◆ **Task to complete**
Restate the listing word for word. Stop at the line that holds "Fecha 18 en", include it, and leave out all pictures.

*** Listed records ***

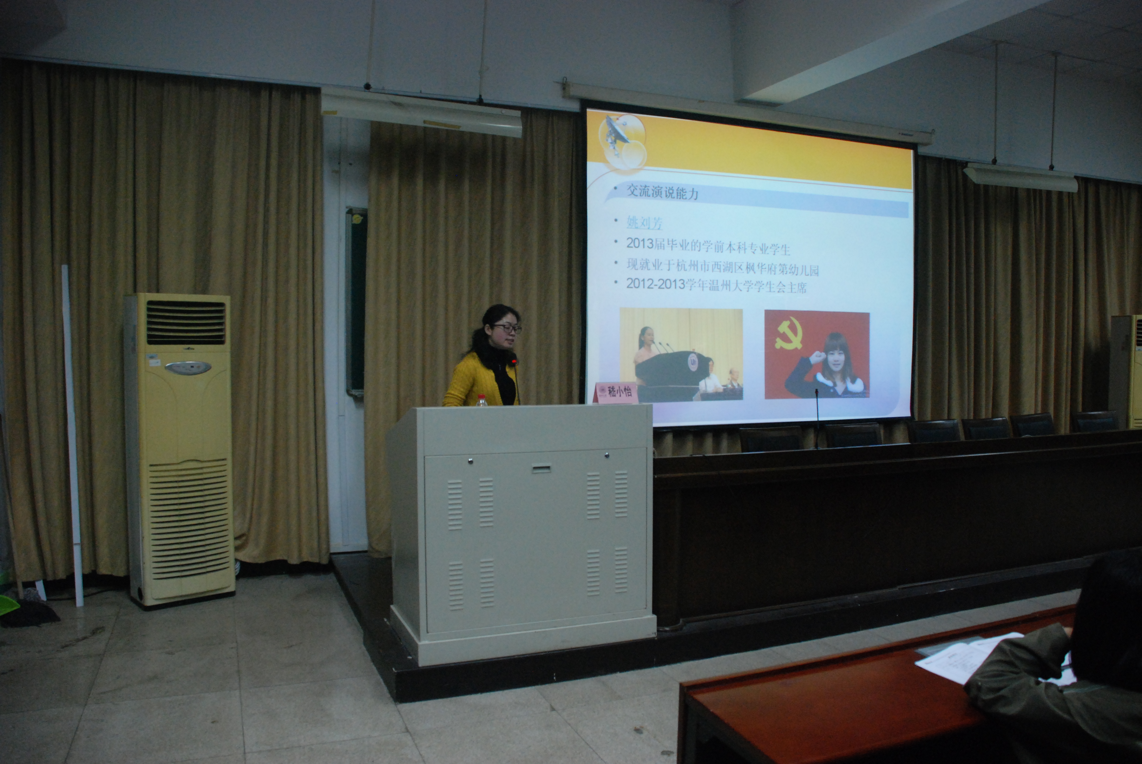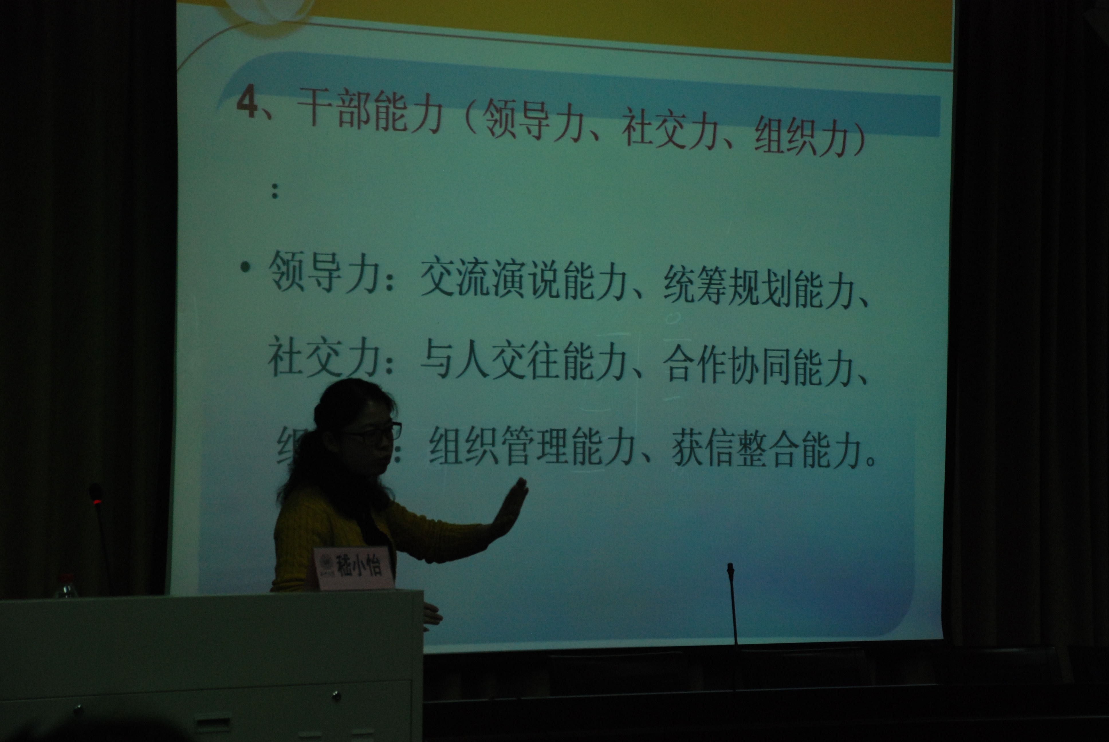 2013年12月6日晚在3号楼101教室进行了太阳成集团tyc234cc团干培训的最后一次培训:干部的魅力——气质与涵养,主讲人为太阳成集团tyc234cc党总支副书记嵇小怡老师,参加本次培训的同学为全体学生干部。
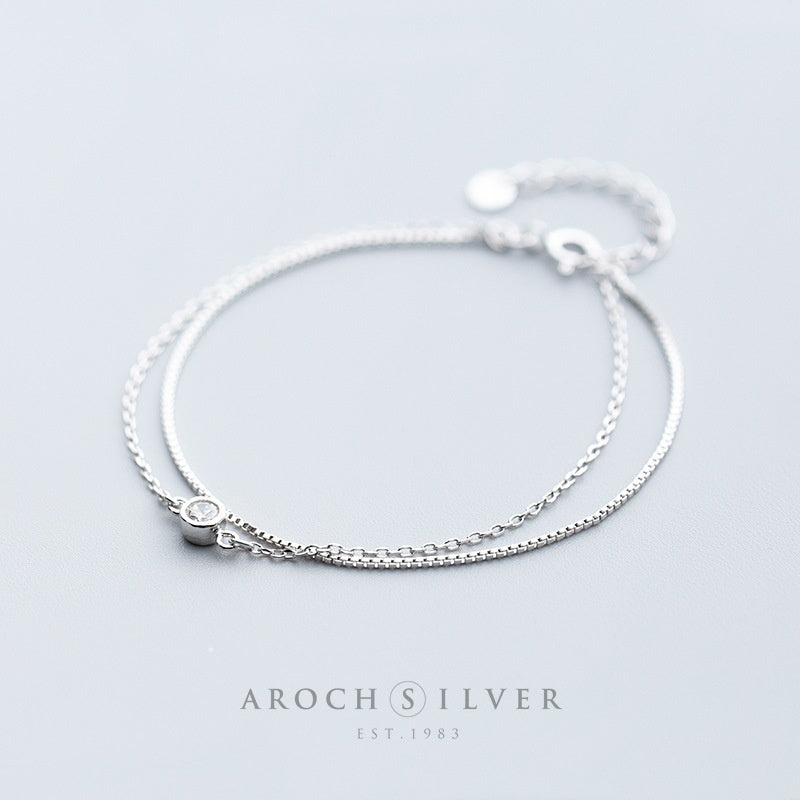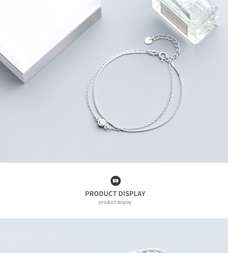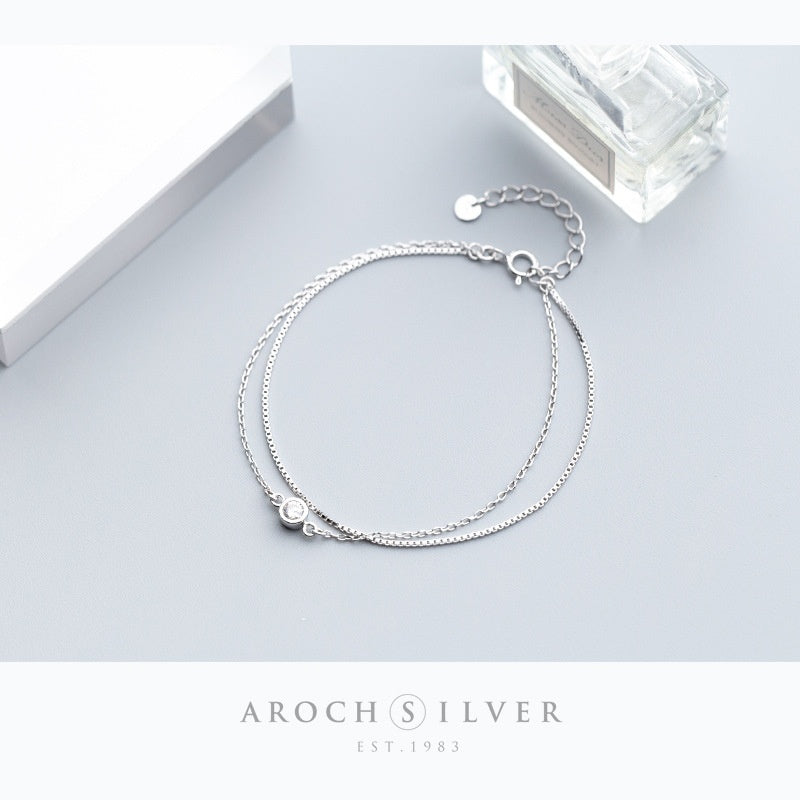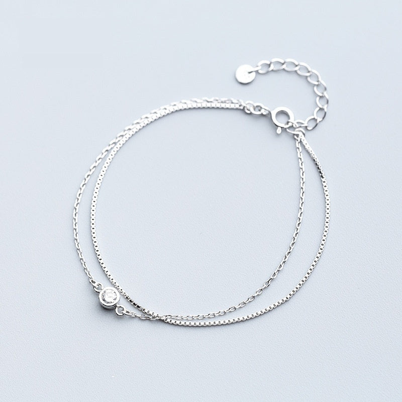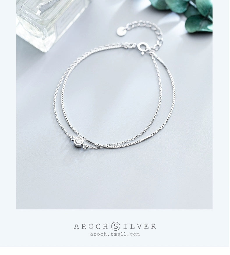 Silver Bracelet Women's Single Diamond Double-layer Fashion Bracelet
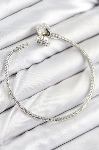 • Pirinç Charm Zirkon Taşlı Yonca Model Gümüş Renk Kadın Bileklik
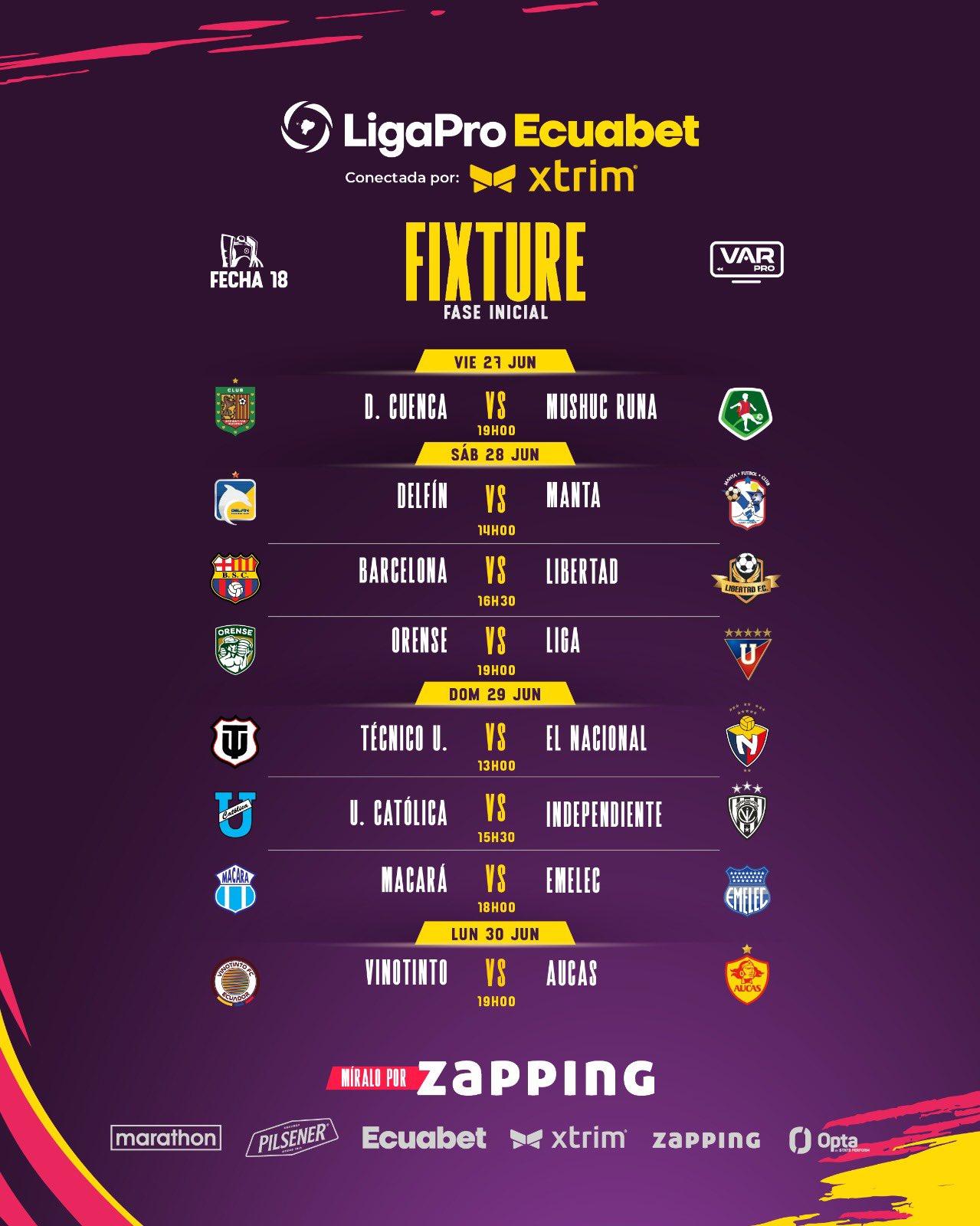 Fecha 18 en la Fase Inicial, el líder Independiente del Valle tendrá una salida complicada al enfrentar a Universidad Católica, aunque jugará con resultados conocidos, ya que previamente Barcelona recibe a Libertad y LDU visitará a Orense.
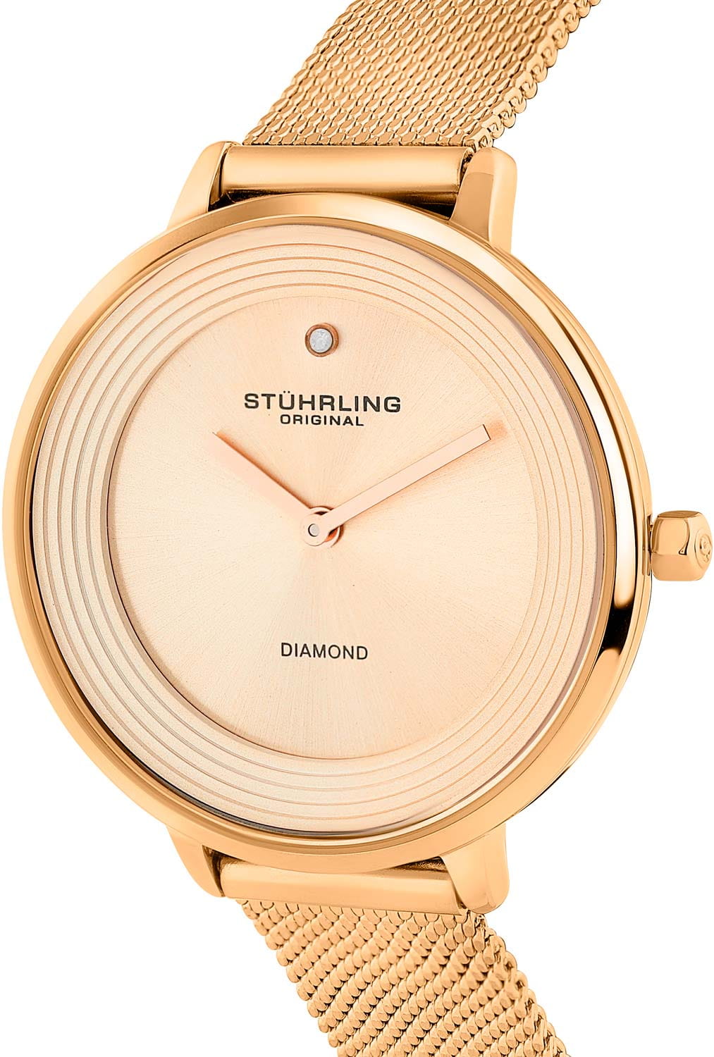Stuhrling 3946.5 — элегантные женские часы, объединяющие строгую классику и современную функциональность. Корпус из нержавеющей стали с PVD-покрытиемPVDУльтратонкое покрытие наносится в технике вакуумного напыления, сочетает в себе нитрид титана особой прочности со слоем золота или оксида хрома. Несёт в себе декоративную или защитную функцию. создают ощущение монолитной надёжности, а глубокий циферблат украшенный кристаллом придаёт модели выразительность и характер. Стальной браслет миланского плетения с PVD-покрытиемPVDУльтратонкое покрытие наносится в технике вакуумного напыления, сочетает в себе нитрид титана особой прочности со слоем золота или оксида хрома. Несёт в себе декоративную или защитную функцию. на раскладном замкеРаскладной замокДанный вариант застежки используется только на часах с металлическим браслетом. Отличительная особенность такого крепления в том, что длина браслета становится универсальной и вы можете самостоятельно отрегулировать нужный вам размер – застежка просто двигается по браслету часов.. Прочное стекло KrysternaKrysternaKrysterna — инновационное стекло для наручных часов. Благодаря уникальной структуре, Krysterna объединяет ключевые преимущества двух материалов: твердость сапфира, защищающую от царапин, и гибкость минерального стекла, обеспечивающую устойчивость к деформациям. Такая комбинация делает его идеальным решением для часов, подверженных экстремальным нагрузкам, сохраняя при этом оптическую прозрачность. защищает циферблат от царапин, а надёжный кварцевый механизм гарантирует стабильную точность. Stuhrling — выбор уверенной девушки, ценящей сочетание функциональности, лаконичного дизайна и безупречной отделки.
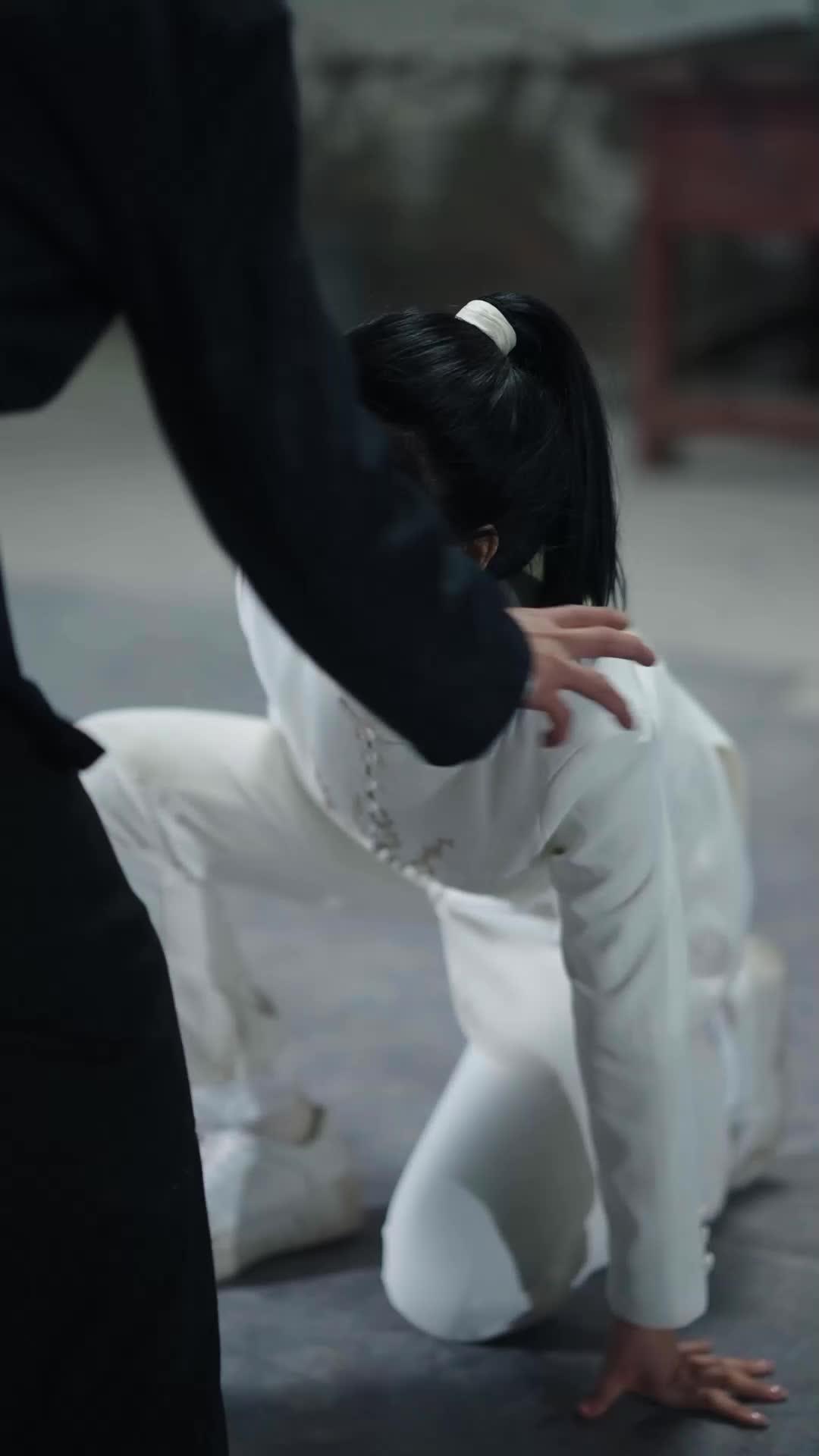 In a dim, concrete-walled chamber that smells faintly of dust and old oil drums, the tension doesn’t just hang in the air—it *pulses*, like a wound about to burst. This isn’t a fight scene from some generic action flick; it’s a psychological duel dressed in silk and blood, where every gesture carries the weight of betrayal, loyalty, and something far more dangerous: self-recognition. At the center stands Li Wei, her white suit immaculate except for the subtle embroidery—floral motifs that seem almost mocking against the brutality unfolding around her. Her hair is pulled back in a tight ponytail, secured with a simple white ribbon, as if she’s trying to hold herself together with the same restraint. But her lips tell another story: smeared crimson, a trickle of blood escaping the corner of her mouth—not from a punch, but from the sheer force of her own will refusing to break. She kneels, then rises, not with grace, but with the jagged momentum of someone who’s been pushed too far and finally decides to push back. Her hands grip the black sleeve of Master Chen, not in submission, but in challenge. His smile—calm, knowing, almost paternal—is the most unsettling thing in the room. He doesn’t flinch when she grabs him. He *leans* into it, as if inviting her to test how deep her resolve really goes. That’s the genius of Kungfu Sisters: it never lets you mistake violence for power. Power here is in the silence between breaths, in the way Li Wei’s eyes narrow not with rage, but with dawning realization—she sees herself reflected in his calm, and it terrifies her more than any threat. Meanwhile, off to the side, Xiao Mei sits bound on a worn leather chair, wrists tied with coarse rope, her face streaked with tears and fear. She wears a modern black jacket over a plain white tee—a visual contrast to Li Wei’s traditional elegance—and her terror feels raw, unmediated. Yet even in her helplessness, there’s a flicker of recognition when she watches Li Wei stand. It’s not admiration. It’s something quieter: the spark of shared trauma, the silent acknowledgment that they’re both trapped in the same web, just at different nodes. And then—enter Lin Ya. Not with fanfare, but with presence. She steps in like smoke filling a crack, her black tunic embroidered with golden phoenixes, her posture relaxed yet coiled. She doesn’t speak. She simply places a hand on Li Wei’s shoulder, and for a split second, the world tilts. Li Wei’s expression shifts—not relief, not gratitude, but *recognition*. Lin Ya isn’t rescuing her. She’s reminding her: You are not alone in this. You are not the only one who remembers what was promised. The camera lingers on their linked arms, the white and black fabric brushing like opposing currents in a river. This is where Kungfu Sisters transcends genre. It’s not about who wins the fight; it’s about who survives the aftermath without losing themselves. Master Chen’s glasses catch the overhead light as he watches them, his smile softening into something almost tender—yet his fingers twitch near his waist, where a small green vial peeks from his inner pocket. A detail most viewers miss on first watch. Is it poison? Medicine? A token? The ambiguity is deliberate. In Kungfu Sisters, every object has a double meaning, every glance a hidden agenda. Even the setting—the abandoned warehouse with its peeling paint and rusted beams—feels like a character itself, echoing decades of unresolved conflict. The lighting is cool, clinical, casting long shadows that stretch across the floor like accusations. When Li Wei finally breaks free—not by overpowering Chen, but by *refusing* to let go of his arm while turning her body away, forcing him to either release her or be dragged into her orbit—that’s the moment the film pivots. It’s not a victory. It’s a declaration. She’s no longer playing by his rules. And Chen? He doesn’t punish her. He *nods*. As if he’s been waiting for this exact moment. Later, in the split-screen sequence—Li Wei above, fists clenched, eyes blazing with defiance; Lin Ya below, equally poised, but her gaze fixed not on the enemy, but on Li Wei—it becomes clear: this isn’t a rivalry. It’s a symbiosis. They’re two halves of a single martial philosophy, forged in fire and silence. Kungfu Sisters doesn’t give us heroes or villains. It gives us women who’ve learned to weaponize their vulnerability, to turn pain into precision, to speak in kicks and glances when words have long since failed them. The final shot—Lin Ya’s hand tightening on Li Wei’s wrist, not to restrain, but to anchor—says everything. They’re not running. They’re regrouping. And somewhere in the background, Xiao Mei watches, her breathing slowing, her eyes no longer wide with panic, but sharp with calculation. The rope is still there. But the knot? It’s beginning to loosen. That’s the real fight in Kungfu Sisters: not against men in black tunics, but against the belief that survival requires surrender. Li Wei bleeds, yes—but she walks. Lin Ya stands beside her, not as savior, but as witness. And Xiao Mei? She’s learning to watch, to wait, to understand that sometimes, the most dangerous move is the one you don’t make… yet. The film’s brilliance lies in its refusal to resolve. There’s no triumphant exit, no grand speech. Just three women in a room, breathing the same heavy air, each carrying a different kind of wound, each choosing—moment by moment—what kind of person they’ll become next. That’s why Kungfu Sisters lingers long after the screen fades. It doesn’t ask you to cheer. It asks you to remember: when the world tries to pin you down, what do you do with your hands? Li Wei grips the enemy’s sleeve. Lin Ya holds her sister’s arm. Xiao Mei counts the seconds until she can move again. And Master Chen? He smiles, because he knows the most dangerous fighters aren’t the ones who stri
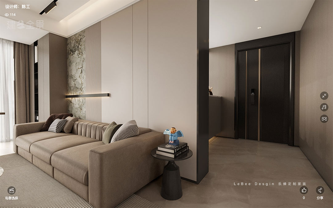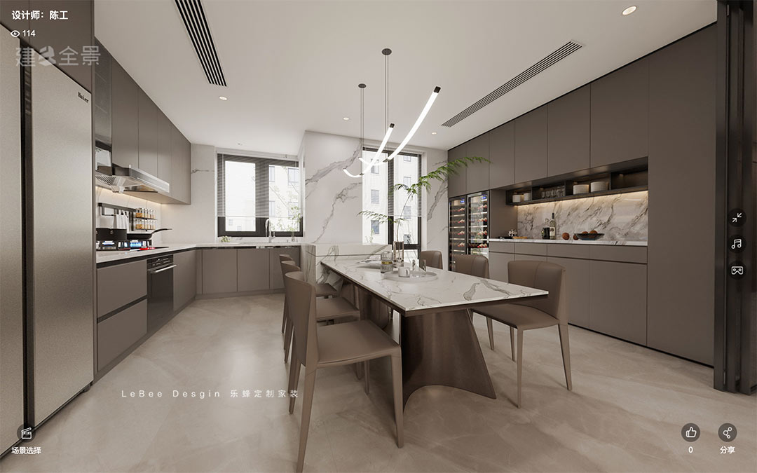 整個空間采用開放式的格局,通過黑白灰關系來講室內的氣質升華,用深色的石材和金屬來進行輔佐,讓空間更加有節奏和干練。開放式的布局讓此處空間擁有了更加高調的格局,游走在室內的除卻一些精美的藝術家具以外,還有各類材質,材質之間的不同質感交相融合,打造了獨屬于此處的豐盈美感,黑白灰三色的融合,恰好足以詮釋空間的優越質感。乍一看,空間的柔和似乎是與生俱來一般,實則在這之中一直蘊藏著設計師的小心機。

*** End of Listed records ***

◆ **Output below**
 2013年12月6日晚在3号楼101教室进行了太阳成集团tyc234cc团干培训的最后一次培训:干部的魅力——气质与涵养,主讲人为太阳成集团tyc234cc党总支副书记嵇小怡老师,参加本次培训的同学为全体学生干部。
 Silver Bracelet Women's Single Diamond Double-layer Fashion Bracelet
 • Pirinç Charm Zirkon Taşlı Yonca Model Gümüş Renk Kadın Bileklik
 Fecha 18 en la Fase Inicial, el líder Independiente del Valle tendrá una salida complicada al enfrentar a Universidad Católica, aunque jugará con resultados conocidos, ya que previamente Barcelona recibe a Libertad y LDU visitará a Orense.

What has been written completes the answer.